Perumahan rakyat dan angkutan umum, sebagai dua sektor yang sangat bergantung pada intervensi negara, adalah yang paling rentan terhadap perubahan iklim fiskal.

Proyek strategis nasional seperti Kereta Cepat Jakarta-Surabaya dan Ibu Kota Nusantara (IKN) menjadi contoh nyata bagaimana visi besar politik harus berhadapan dengan neraca keuangan yang ketat.

Dalam skenario di mana kedua proyek ini dalam tahap penyelesaian namun dibayang-bayangi hambatan fiskal sangat ketat, sementara operasi dan pemeliharaan aset (yang sudah jadi) harus berjalan, politik ekonominya memasuki fase paling krusial dan berisiko.

Ketika anggaran pemerintah menyusut secara signifikan, prioritas politik dan ekonomi mengalami ujian berat. Konflik kepentingan antara masyarakat, pengembang, dan pemerintah menjadi semakin tajam.

Pemerintah terperangkap dalam dilema: menghentikan proyek berarti mengubur investasi yang sudah ditanam dan merusak reputasi politik, melanjutkannya berarti mengalihkan anggaran dari sektor-sektor kritis seperti kesehatan dan pendidikan, sementara membiayai operasional aset yang sudah berdiri adalah kewajiban yang tidak bisa dihindari.

Nasib dan Lanjutan Kereta Cepat Jakarta-Surabaya

kereta cepat

Asumsi: segmen Jakarta-Bandung telah beroperasi, namun pembangunan segmen Bandung-Surabaya tersendat akibat kurangnya pendanaan.
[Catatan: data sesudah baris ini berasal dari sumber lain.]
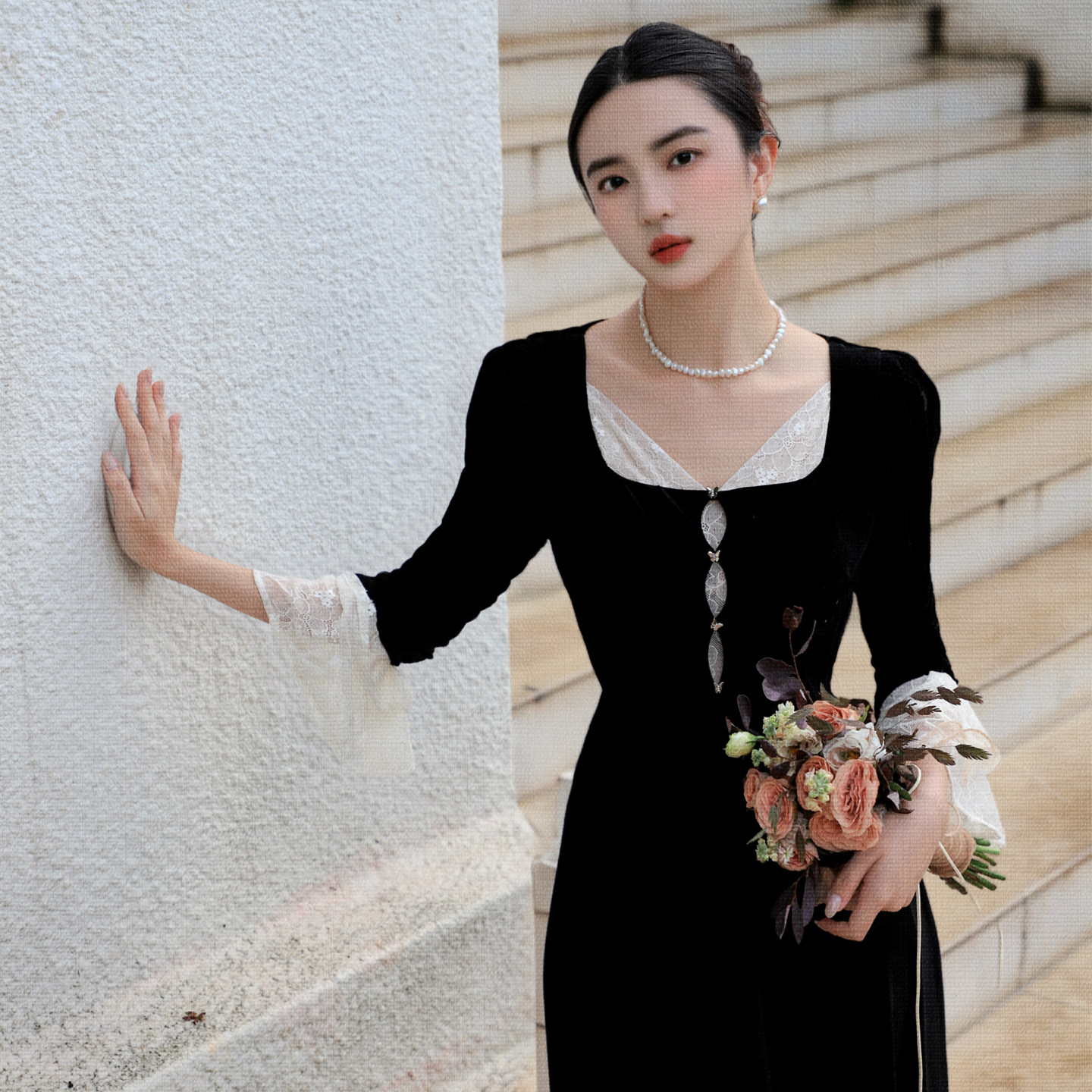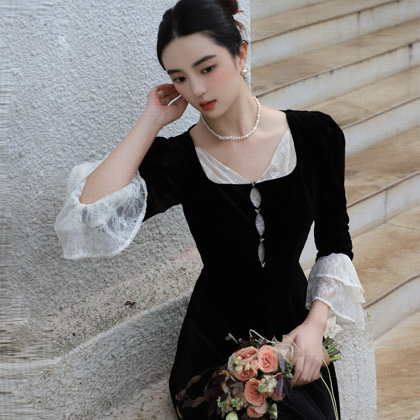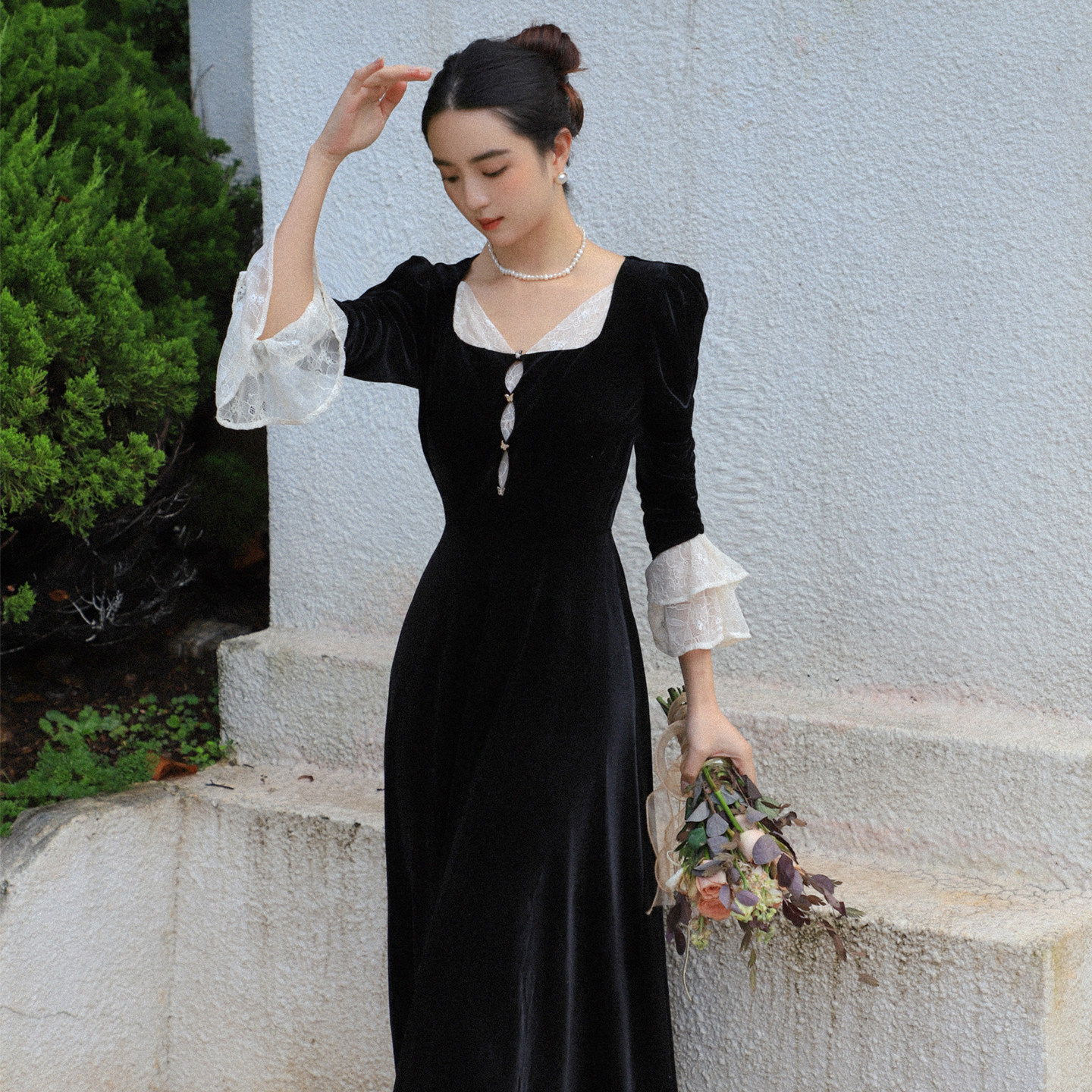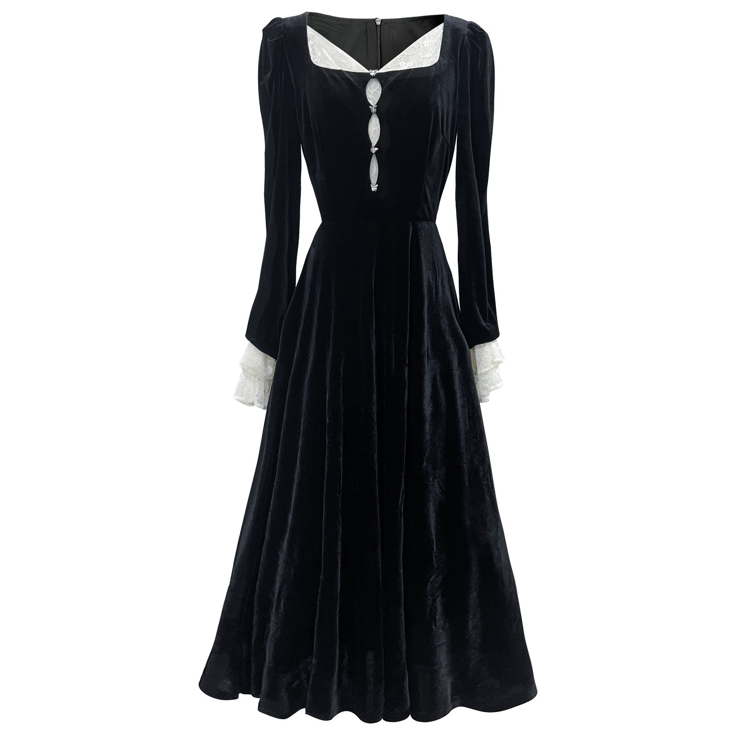 JUJU定制高级感千金风法式宫廷蕾丝撞色丝绒连衣裙女黑色长裙秋季
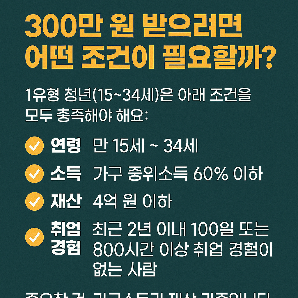 1유형 청년(15~34세)은 아래 조건을 모두 충족해야 해요:
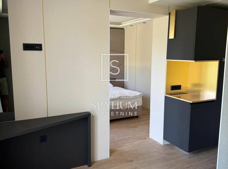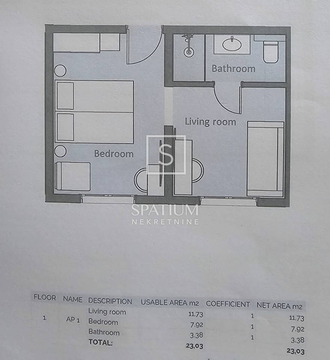 Odlično iskorišten prostor površine 23,03m2, sastoji se od dnevnog boravka, sobe i kupaone. Postoji mogućnost kupnje parkirnog mjesta.
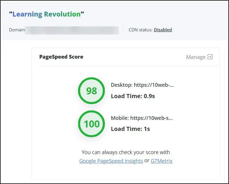 We’ve covered 10Web’s AI design generation and website editing features in detail, but its hosting and performance tools are just as impressive.
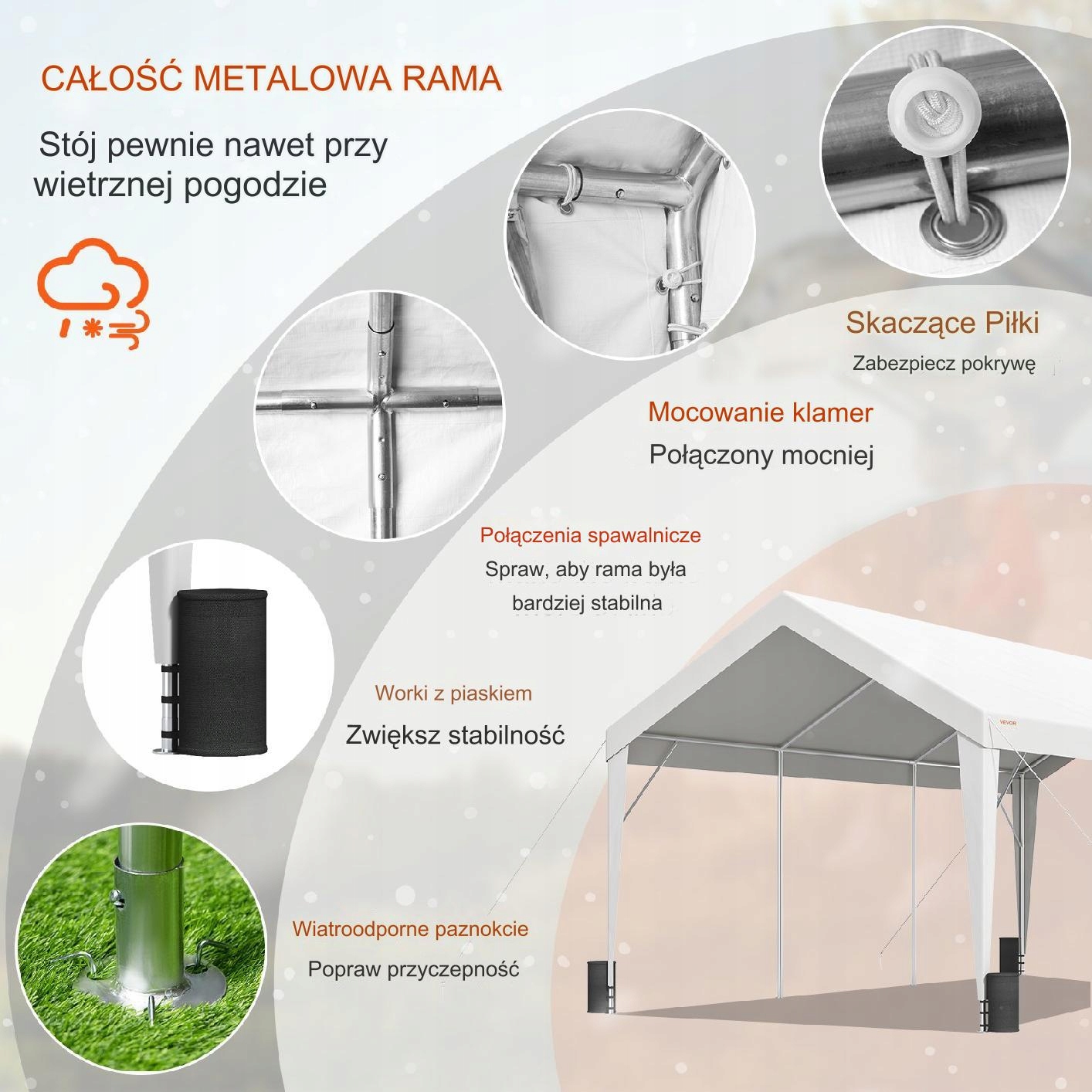 Гаражная палатка, построенная из 8 оцинкованных стальных труб толщиной 0,8 мм, имеет двойные стенки и уникальный дизайн, обеспечивающий дополнительную прочность. Порошковое покрытие защищает от ржавчины, коррозии, растрескивания и отслаивания, а дополнительные элементы жесткости конструкции минимизируют вибрации.

Stasiun-stasiun yang sudah dibangun membutuhkan biaya perawatan tinggi, sementara pendapatan operasional segmen pertama belum mencukupi untuk membiayai kelanjutan proyek.

Dalam situasi ini, politik ekonomi proyek berubah drastis:

  1. Tekanan Utang dan Negosiasi Ulang yang Rumit

    Pemerintah Indonesia akan berada dalam posisi tawar yang sangat lemah terhadap kreditur, dalam hal ini terutama Exim Bank of China (?).

    Untuk mendapat dana penyelesaian atau restrukturisasi utang, pemerintah mungkin harus menyetujui syarat-syarat yang lebih berat, misalnya penjaminan oleh aset strategis lainnya atau intervensi yang lebih besar dalam tata kelola operasional.

    Ini merupakan bentuk baru dari ketergantungan fiskal yang berpotensi mengikis kedaulatan ekonomi.

  2. Politik Menaikkan Tarif yang Berlebihan

    Untuk menutupi biaya operasi yang membara dan menunjukkan 'komitmen komersial' kepada investor, pemerintah akan berada di bawah tekanan besar untuk menaikkan tarif kereta cepat secara signifikan dan mengurangi frekuensi moda kereta api lainnya pada koridor yang sama.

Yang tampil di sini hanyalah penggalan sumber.